▶ **GOAL OF THE EXERCISE**
Skipping all pictures, print exactly the lines below from the one with "Скриншот: ТГ-канал Mash" through the final line.

▶ **SUPPLIED INFORMATION**
###
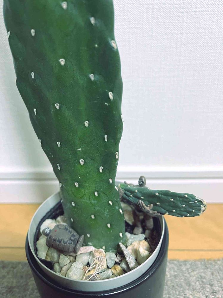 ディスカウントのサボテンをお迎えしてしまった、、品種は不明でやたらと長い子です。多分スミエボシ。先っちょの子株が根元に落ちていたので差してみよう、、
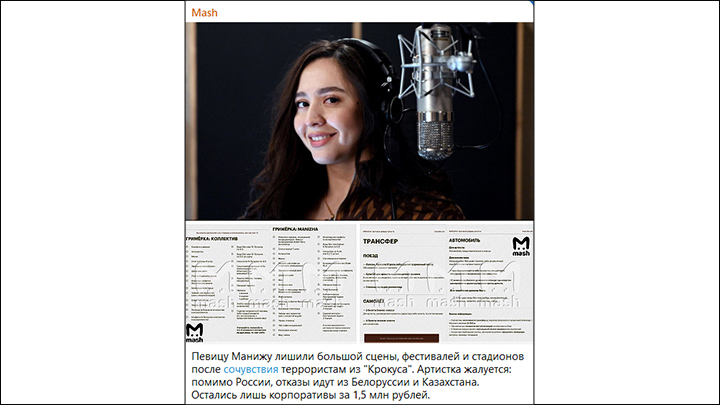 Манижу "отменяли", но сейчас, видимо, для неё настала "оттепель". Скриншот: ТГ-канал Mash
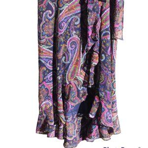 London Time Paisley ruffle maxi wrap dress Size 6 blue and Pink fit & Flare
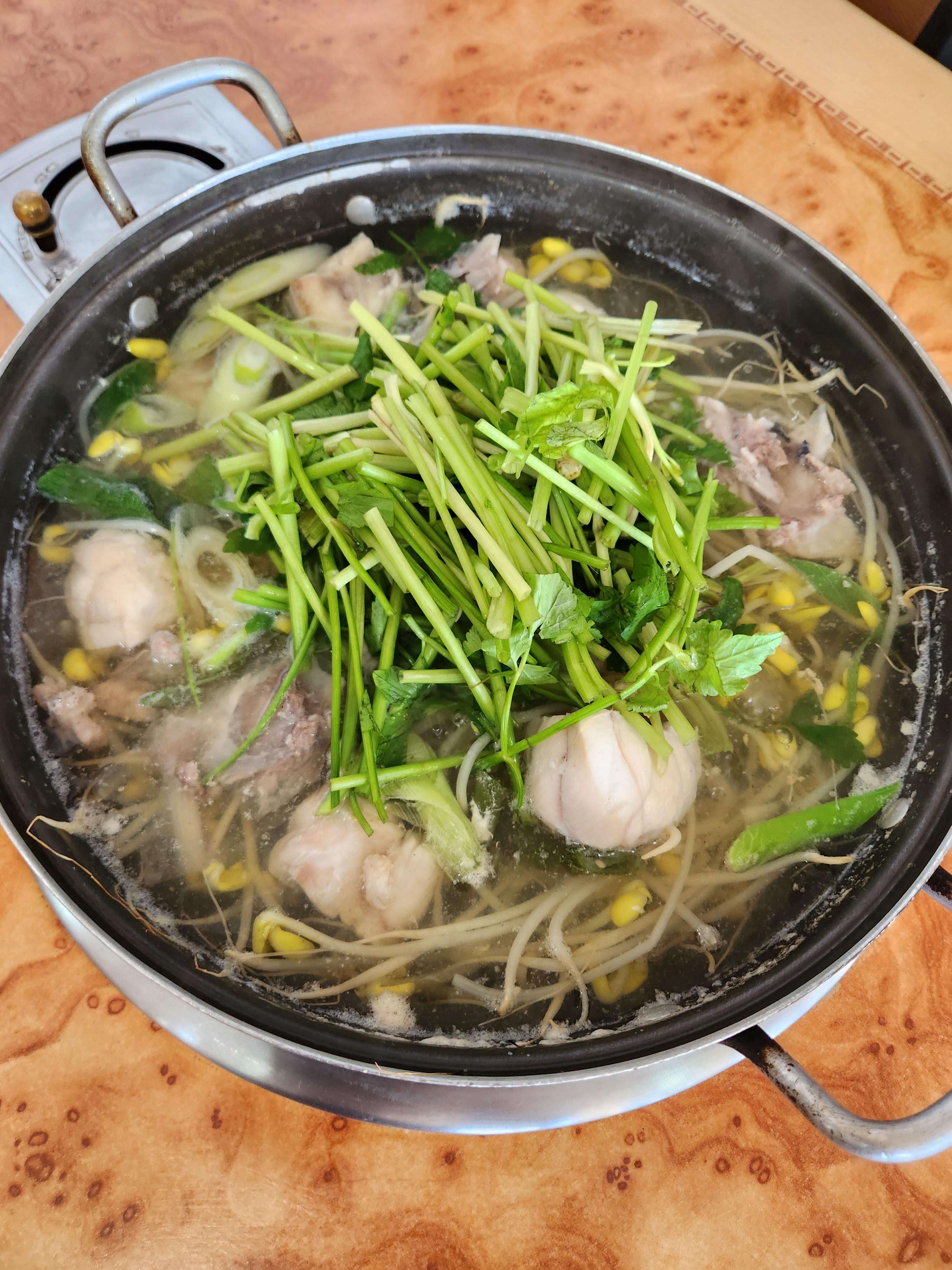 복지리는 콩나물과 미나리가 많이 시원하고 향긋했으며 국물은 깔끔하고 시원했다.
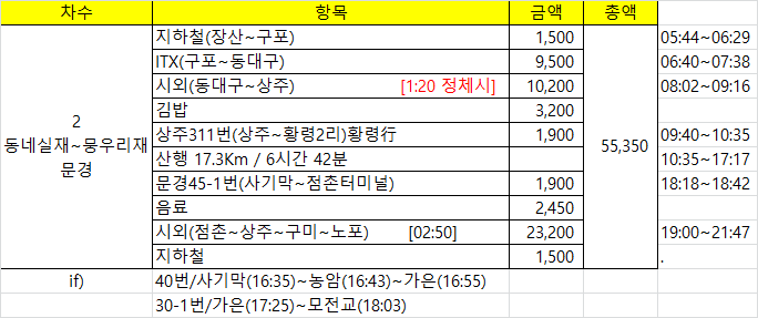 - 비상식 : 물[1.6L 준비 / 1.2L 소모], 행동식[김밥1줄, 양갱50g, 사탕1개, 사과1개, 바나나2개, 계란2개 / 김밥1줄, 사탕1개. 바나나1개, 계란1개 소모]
###
▶ **TASK ANSWER**
 Манижу "отменяли", но сейчас, видимо, для неё настала "оттепель". Скриншот: ТГ-канал Mash
 London Time Paisley ruffle maxi wrap dress Size 6 blue and Pink fit & Flare
 복지리는 콩나물과 미나리가 많이 시원하고 향긋했으며 국물은 깔끔하고 시원했다.
 - 비상식 : 물[1.6L 준비 / 1.2L 소모], 행동식[김밥1줄, 양갱50g, 사탕1개, 사과1개, 바나나2개, 계란2개 / 김밥1줄, 사탕1개. 바나나1개, 계란1개 소모]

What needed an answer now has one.